# Thread: Syntax tree's to Finitie state machines..?

1. Ok so I'm having difficulty understanding how to Take a regular expression and turn it into a finite state machine..

so heres a problem similar to the one I need to solve..

Say I have a machine that takes £1 coins, dispenses beer(£1) and water(£2)

so the values for a regular expression are;

p = inserting a coin
c = dispense beer
b = dispense water
(Also buttons to dispense cans)
B = beer button
W = water button

and lets say ppWb represents buying water..

REG = (pBc+p(e+p)Wb)* (e is an empty string..)

so how do I derive this into a finite state machine? I can vaguely turn this into a syntax tree, then where do I go from there?

I'd really appreciate some help :?

2.

3. Originally Posted by blackout83
REG = (pBc+p(e+p)Wb)* (e is an empty string..)

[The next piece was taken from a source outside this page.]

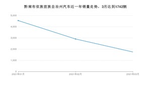 2021年3月,黔南布依族苗族自治州汽车总销量为1742辆,同比增长22.16%,环比下降39.95%。1-3月份,黔南布依族苗族自治州总销量为9186辆,同比增长56.6%。在最近1年中,黔南布依族苗族自治州销量在2021年01月达到最高,销量为4543辆。

so how do I derive this into a finite state machine? I can vaguely turn this into a syntax tree, then where do I go from there?
Suppose we have
a+b
The state machine is
X_1 --a--> END
X_1 --b--> END
(i.e. there are two edge from X_1 to END)

ab is equivalent to
X_1 --a--> X_2 --b--> END

a* is equivalent to
END --a--> END
Why?
Because a* accepts the empty string so we HAVE to start from END.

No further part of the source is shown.